From RNA extracted of early floral buds, and sepals, petals, gynostegia, and corona tissue of mature flowers, cDNA was synthesized using SuperScript III reverse transcriptase (Invitrogen). As a first step the reaction mix containing the RNA template (10 pg–5 µg), 1 µl 10 mM dNTP Mix, 50 µM Oligo (dT)20, and sterile distilled water (final volume: 14 µl) was heated at 65C for 5 minutes. After incubation on ice for at least one minute, the mix was briefly centrifuged, then 5X first-stand buffer (4 µl), 0.1 MDTT (1 µl), and 200 units/µL Superscript III (1 µl) were added. This mixture was then incubated at 55C for 50 minutes to dissolve the RNA template while avoiding formation of secondary structures; heating at 70C for 15 minutes inactivated the reaction. A reaction mix without RNA template (non-template control, NTC) was used as negative control. Quantity and quality of cDNA were measured via nanodrop (ND–1000 Spectrophotometer, Marshall Scientific). A total of 90 ng per cDNA sample was then used for PCR-amplification with sequence specific primers (see below). The Actin gene homolog (CsanACT) was used as positive control and a non-template reaction DNA (NTC) was used as negative control.

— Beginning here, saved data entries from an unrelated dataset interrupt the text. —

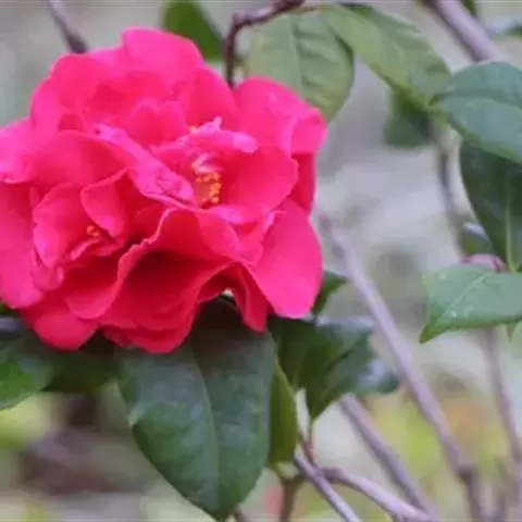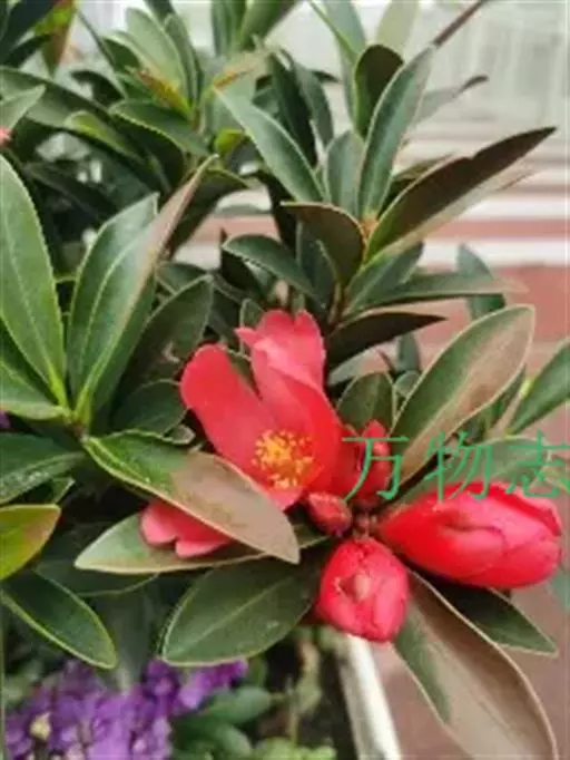 毛蕊红山茶,灌木至小乔木,嫩枝初时有白毛,不久变秃。叶薄革质,长圆形。花期冬春间,分布于中国四川、广西、贵州、云南等地区。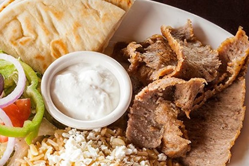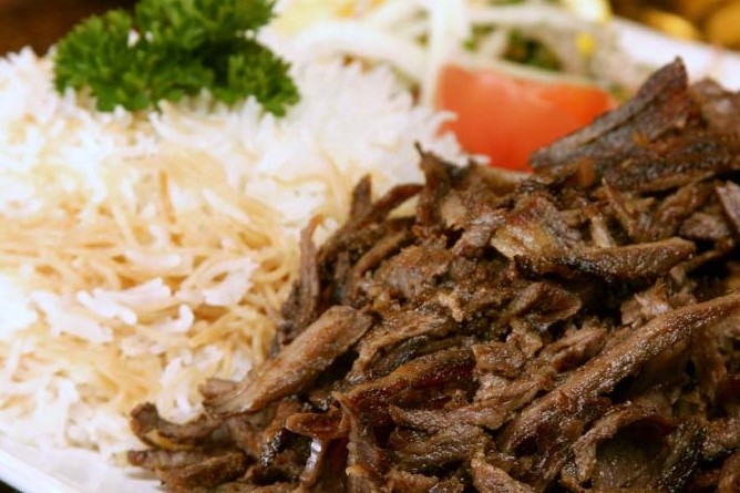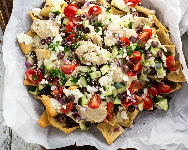 Fresh fried pita chips topped with garlic sauce, chicken shawarma, onion, tomatoes, and feta cheese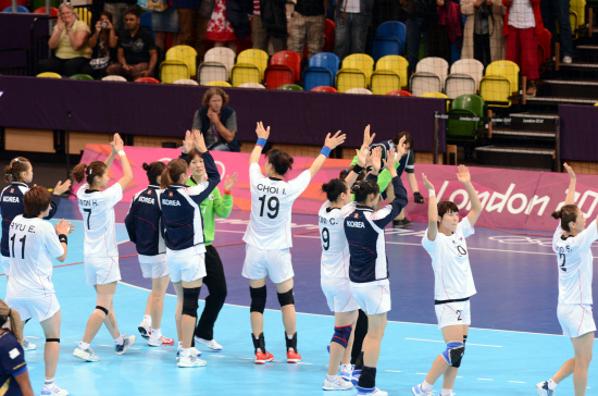 ◇여자 핸드볼대표팀이 2012년 런던올림픽 예선에서 2연승을 달렸다. 28일 스페인과의 1차전에서 승리한 한국 선수단이 관중석을 향해 인사하고 있다. 런던=올림픽사진공동취재단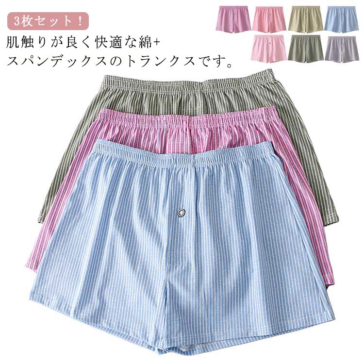 トランクス メンズ 前開き 3枚セット トランクス メンズ 下着 ストライプ柄 大きいサイズ まとめ買い 3枚セット インナー アンダーウェア 前開き ボタンあり オールシーズン 綿 コットン 前開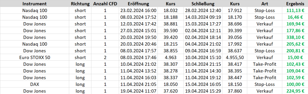Dies war übrigens schon der 13. Gewinntrade in Folge: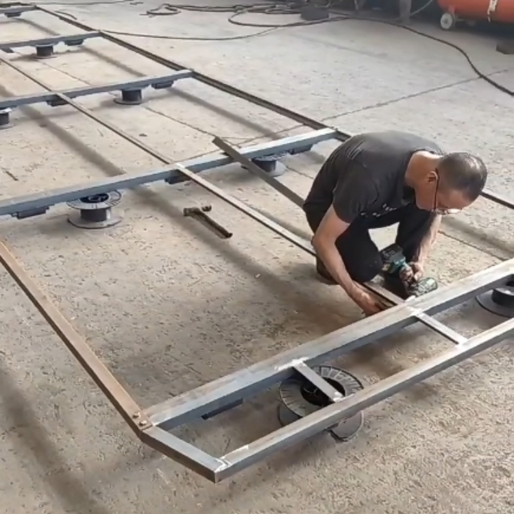 • Second, weld the rollers into the channel steel as the wheels for steel iron pallet

Reverse Transcription PCR (RT-PCR)
Semi-quantitative reverse transcription-PCR (RT-PCR) was performed for six selected MADS-box gene homologs, i.e. CsanFUL2, CsanTM6, CsanGLO, CsanAG2, CsanAGL6, and CsanSEP1. The thermal cycling regime used in the RT-PCR reaction was similar as for the gradient PCR (see above); however, the annealing temperature was set to 52°C as this temperature yielded the best results and most specific products in the gradient PCR. Actin was amplified as a positive control; the negative control was a non-template control (NTC). All reactions were carried out in a CFX384 Touch Real-Time PCR system thermocycler (Biorad). The PCR products were run on a 1% agarose gel with 1x TAE and a 1 kb plus GeneRulerTM (Thermo Scientific) as ladder. The gel was stained with ethidium bromide and digitally photographed using a gel doc (Ultima 10si, Isogen Life Science).